## WORK ORDER:
Would you please repeat, word for word, only the lines from the one holding "Subtotal nephrectomy increases" through the one holding "Nyugat-Európa felett jelenleg" in the material below, without the pictures?

## MATERIALS PROVIDED:
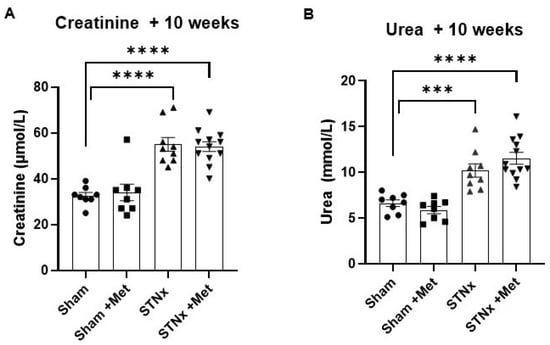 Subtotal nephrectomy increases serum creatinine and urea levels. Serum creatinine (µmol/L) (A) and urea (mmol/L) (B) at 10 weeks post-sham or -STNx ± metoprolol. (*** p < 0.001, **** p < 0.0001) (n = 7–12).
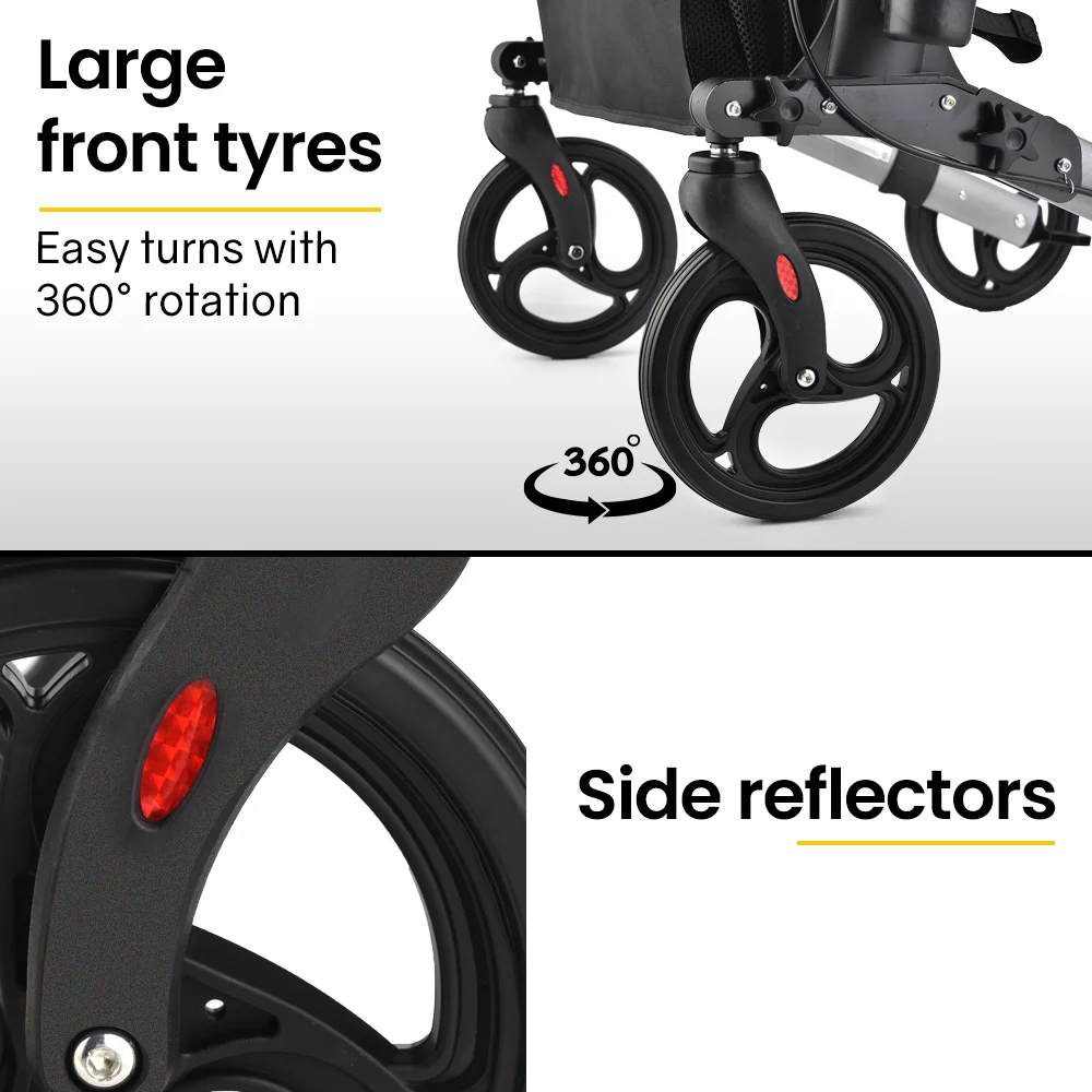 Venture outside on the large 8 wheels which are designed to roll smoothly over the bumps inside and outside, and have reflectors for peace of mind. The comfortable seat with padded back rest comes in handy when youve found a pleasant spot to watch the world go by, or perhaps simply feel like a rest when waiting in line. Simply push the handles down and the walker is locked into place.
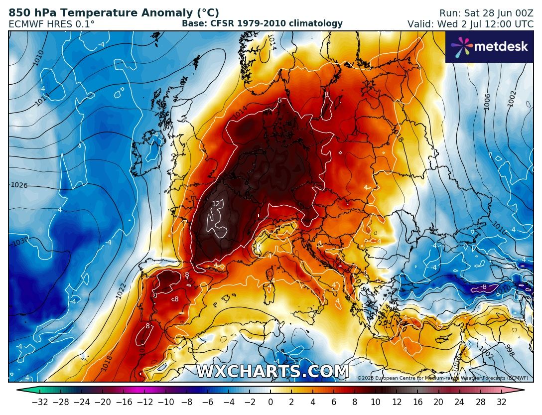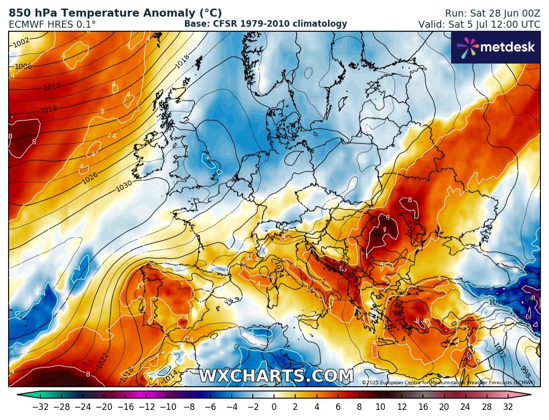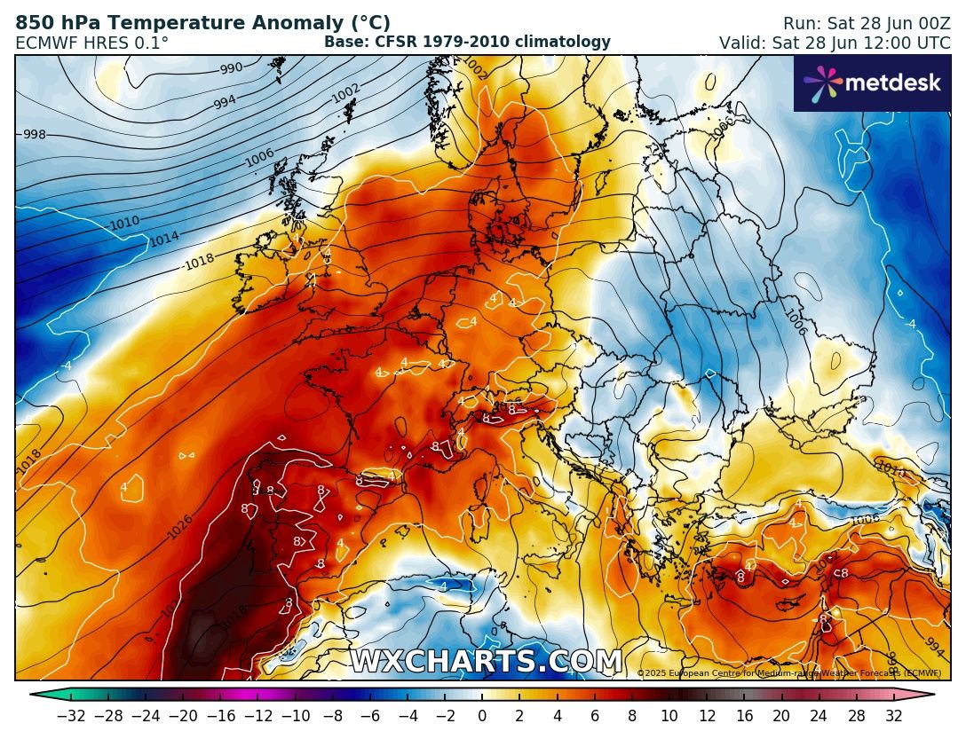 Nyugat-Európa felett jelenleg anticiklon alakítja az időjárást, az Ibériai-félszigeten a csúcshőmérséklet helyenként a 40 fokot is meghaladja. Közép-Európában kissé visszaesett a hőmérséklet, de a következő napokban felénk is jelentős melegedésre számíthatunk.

...

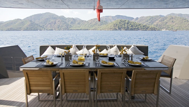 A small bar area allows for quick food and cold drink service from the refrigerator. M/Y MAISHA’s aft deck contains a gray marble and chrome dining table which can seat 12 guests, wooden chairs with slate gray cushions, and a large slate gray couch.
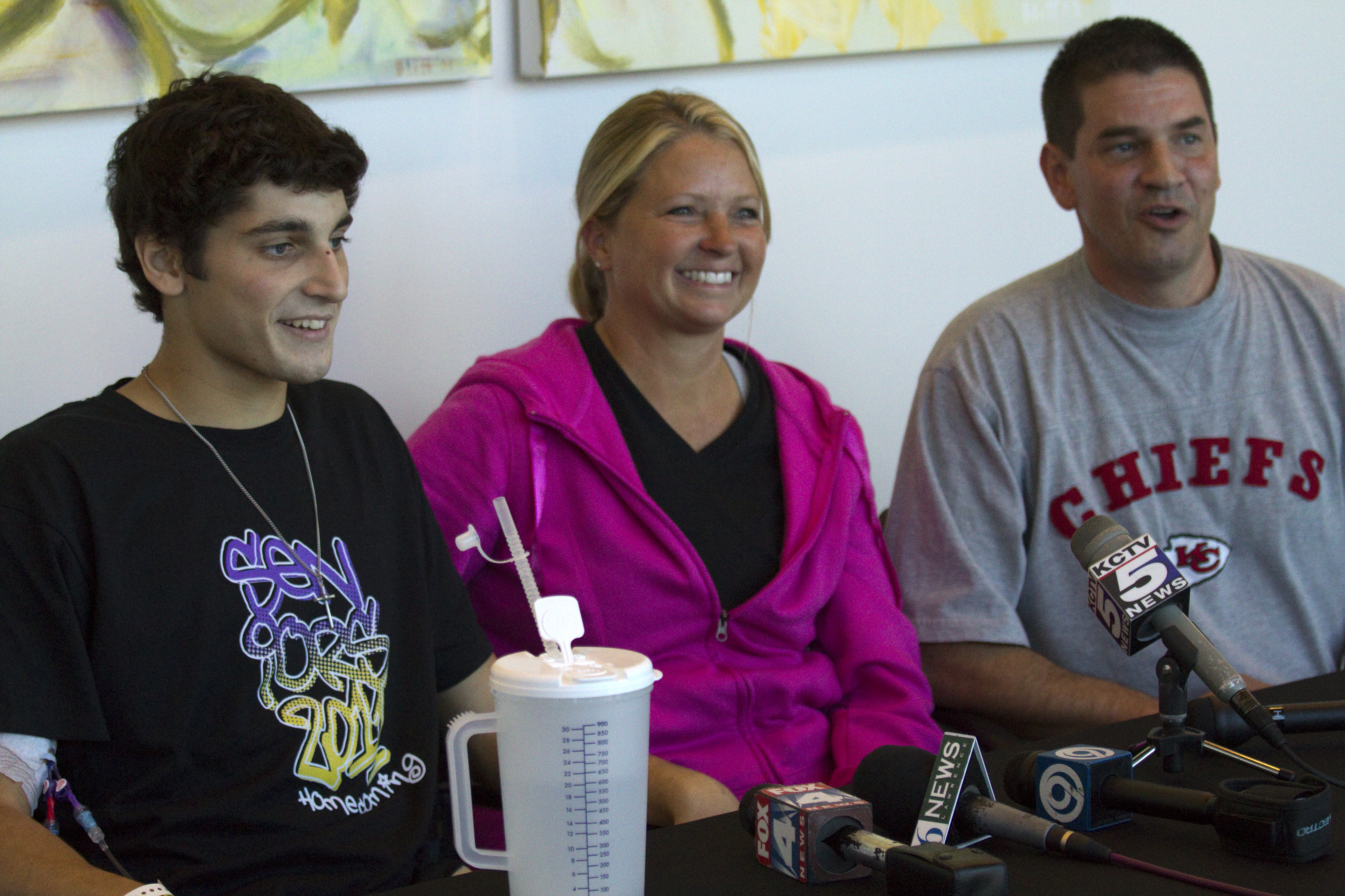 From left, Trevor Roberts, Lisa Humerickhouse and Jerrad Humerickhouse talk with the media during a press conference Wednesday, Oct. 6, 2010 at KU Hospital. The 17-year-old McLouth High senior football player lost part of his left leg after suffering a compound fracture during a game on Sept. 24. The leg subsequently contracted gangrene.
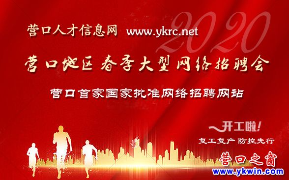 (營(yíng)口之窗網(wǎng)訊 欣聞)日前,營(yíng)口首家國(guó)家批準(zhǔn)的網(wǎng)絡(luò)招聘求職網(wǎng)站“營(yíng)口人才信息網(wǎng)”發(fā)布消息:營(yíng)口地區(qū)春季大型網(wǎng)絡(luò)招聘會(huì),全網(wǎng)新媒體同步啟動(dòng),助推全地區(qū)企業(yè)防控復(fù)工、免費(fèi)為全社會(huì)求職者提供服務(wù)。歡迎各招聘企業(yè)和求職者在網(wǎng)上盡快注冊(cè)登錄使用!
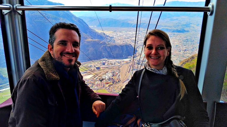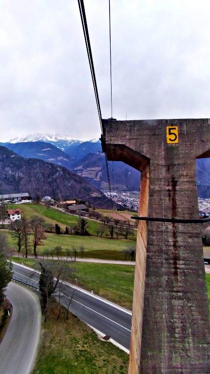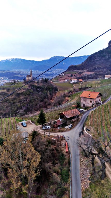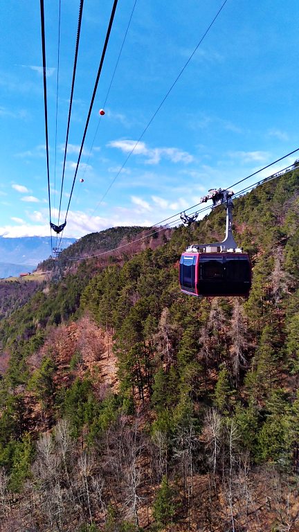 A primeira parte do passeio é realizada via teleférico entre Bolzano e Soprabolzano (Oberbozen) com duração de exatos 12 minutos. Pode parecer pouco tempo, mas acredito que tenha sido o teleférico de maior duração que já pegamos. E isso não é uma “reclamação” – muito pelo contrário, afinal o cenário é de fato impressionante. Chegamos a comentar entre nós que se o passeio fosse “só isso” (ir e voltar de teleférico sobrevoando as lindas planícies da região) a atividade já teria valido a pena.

## YOUR SOLUTION:
 Subtotal nephrectomy increases serum creatinine and urea levels. Serum creatinine (µmol/L) (A) and urea (mmol/L) (B) at 10 weeks post-sham or -STNx ± metoprolol. (*** p < 0.001, **** p < 0.0001) (n = 7–12).
 Venture outside on the large 8 wheels which are designed to roll smoothly over the bumps inside and outside, and have reflectors for peace of mind. The comfortable seat with padded back rest comes in handy when youve found a pleasant spot to watch the world go by, or perhaps simply feel like a rest when waiting in line. Simply push the handles down and the walker is locked into place.
 Nyugat-Európa felett jelenleg anticiklon alakítja az időjárást, az Ibériai-félszigeten a csúcshőmérséklet helyenként a 40 fokot is meghaladja. Közép-Európában kissé visszaesett a hőmérséklet, de a következő napokban felénk is jelentős melegedésre számíthatunk.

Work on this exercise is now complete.